*YOUR INSTRUCTIONS:* Reproduce exactly the lines of this material that begin at the line with "私は上部から手帳を開くことが" and end at the line with "新华社记者 王毓国 摄", both included. Omit the pictures and everything else.

*RECORDS SHOWN:*

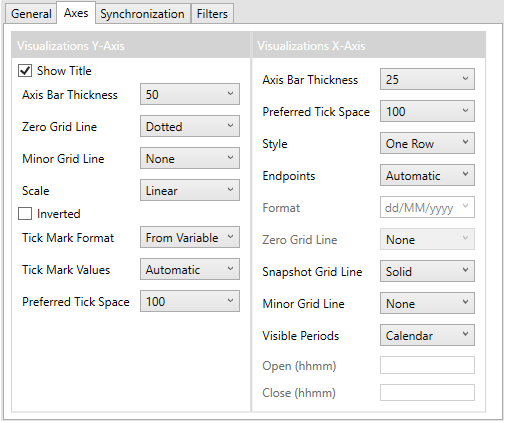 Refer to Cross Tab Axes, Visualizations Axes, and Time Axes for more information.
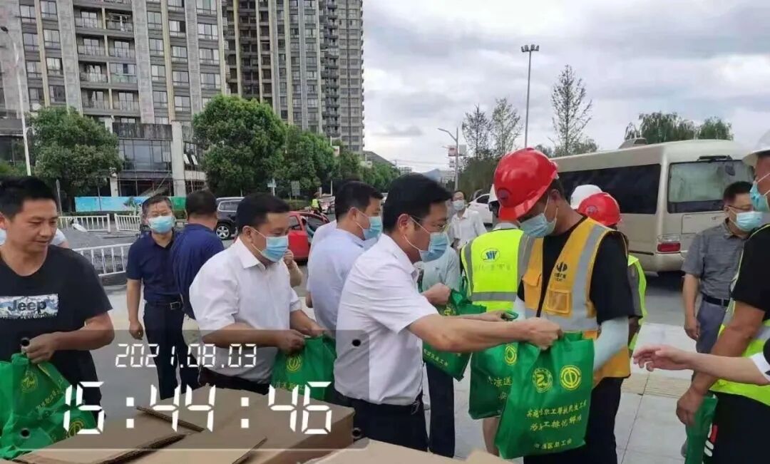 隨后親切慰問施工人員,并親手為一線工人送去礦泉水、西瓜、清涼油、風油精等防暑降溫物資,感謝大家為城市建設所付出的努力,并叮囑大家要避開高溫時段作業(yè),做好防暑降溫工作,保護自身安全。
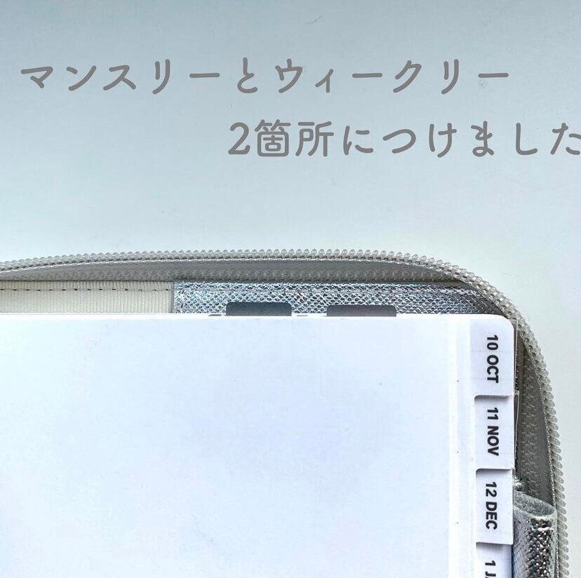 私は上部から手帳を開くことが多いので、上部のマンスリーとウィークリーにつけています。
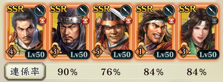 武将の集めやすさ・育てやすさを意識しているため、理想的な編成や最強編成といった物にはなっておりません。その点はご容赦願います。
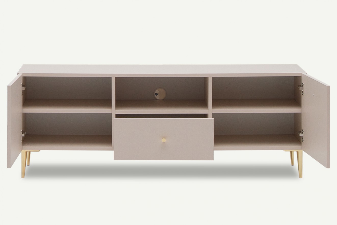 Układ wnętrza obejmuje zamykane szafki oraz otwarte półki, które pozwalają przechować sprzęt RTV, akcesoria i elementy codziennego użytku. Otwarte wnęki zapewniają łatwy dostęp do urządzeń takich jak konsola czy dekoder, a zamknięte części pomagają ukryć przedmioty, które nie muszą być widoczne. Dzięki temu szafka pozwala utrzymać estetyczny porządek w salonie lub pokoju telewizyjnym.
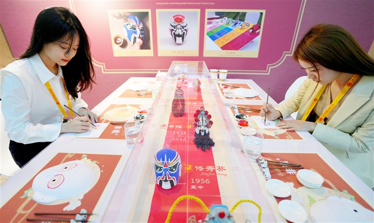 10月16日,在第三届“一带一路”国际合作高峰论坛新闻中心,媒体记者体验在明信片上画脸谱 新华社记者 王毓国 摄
* * *
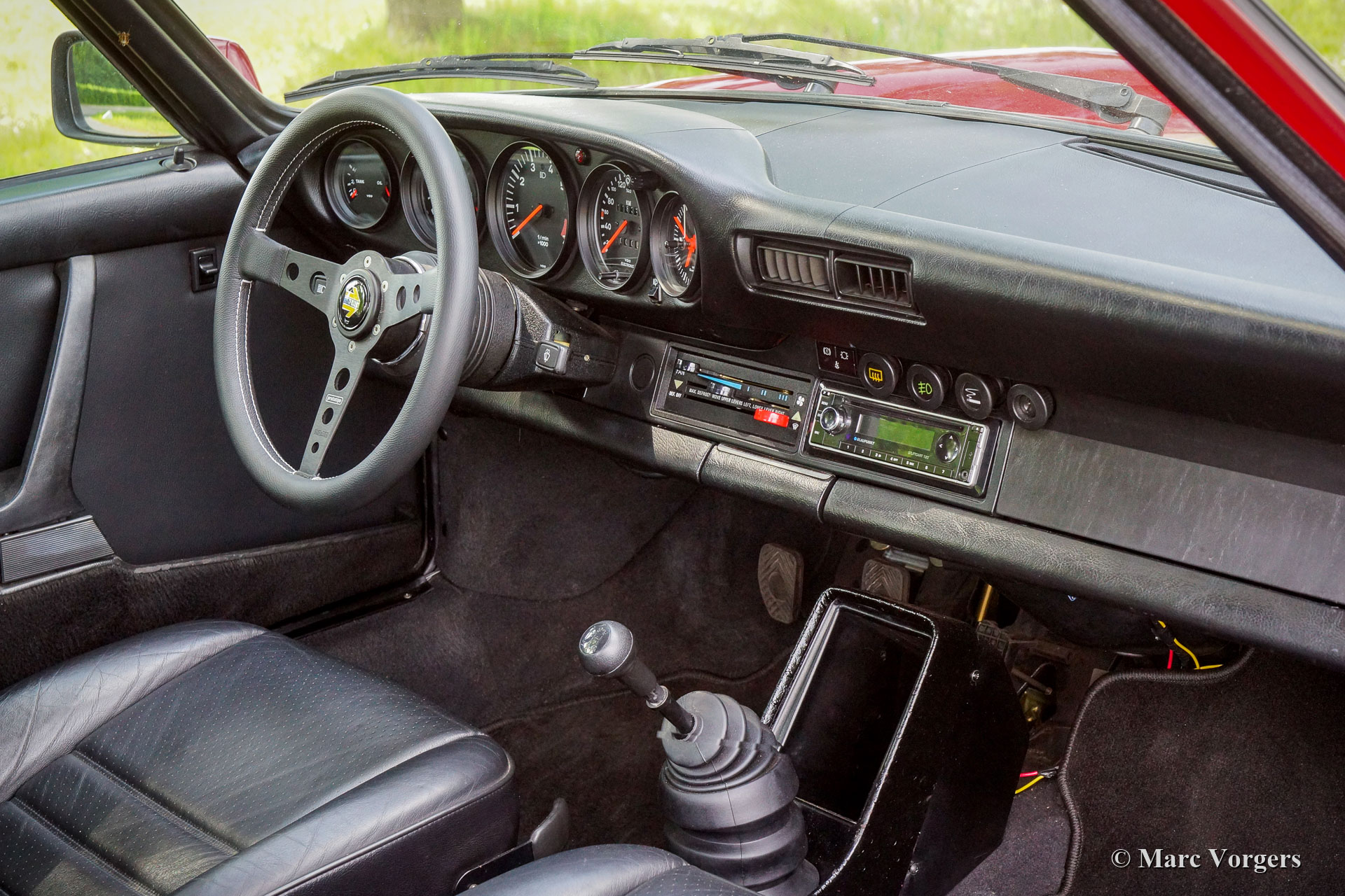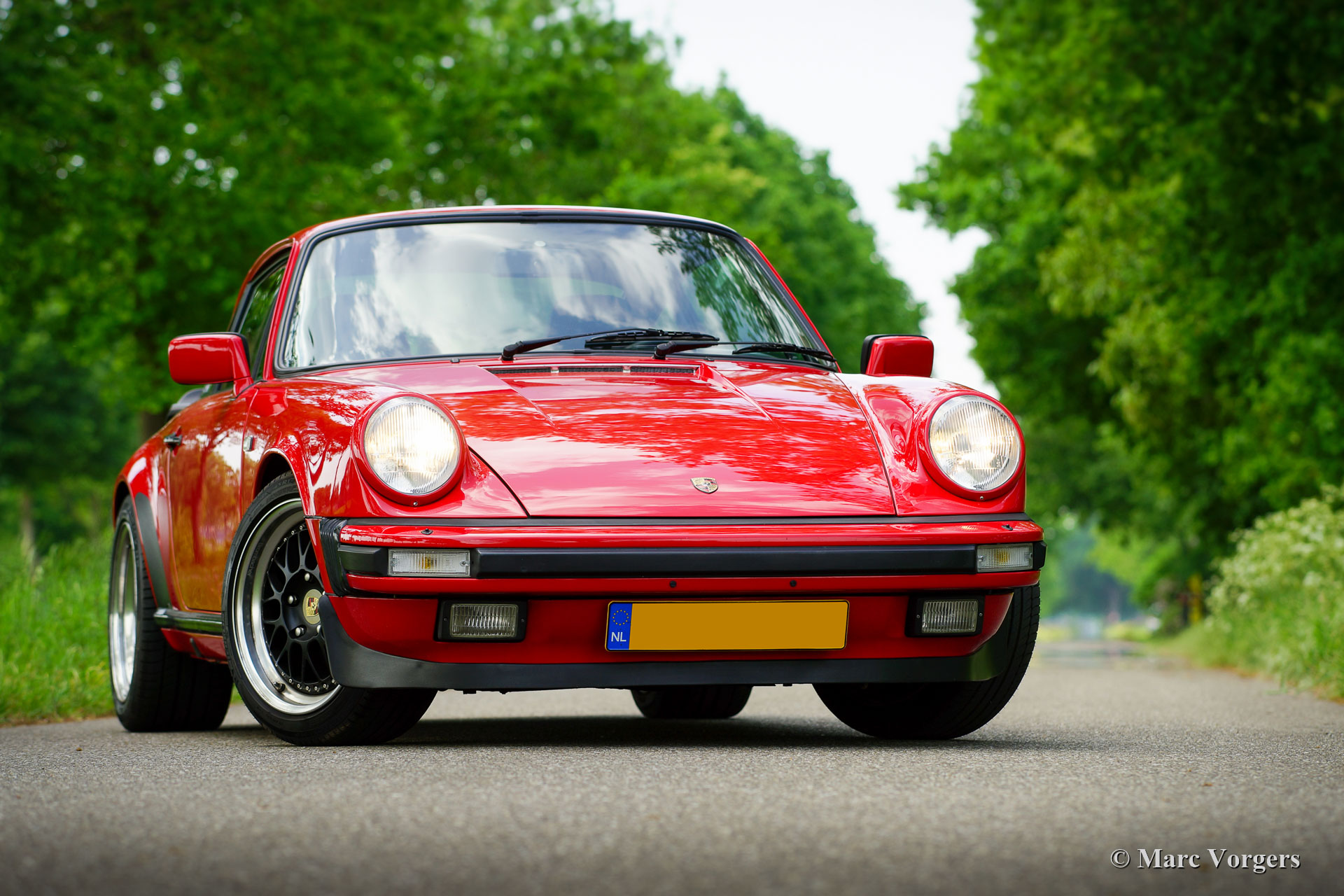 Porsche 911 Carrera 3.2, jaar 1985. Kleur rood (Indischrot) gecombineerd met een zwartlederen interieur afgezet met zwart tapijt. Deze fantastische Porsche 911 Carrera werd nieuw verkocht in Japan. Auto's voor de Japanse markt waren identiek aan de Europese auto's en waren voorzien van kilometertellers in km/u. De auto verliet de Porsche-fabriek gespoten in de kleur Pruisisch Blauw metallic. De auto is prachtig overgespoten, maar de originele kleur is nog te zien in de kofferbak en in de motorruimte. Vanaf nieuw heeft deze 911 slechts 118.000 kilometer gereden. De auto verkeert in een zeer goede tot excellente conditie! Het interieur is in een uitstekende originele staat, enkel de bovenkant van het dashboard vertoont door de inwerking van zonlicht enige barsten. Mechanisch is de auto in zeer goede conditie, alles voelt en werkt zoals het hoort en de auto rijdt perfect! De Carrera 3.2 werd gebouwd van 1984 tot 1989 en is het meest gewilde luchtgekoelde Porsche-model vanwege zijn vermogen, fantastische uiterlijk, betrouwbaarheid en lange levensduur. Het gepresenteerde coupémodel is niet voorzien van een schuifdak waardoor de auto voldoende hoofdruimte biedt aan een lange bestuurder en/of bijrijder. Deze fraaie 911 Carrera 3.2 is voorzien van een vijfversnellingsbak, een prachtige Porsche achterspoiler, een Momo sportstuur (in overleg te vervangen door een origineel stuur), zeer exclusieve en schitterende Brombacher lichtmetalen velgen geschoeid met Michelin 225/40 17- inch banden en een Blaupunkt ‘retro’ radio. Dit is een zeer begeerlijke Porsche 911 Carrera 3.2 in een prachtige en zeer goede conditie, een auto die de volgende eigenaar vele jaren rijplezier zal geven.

*THE ANSWER:*
 私は上部から手帳を開くことが多いので、上部のマンスリーとウィークリーにつけています。
 武将の集めやすさ・育てやすさを意識しているため、理想的な編成や最強編成といった物にはなっておりません。その点はご容赦願います。
 Układ wnętrza obejmuje zamykane szafki oraz otwarte półki, które pozwalają przechować sprzęt RTV, akcesoria i elementy codziennego użytku. Otwarte wnęki zapewniają łatwy dostęp do urządzeń takich jak konsola czy dekoder, a zamknięte części pomagają ukryć przedmioty, które nie muszą być widoczne. Dzięki temu szafka pozwala utrzymać estetyczny porządek w salonie lub pokoju telewizyjnym.
 10月16日,在第三届“一带一路”国际合作高峰论坛新闻中心,媒体记者体验在明信片上画脸谱 新华社记者 王毓国 摄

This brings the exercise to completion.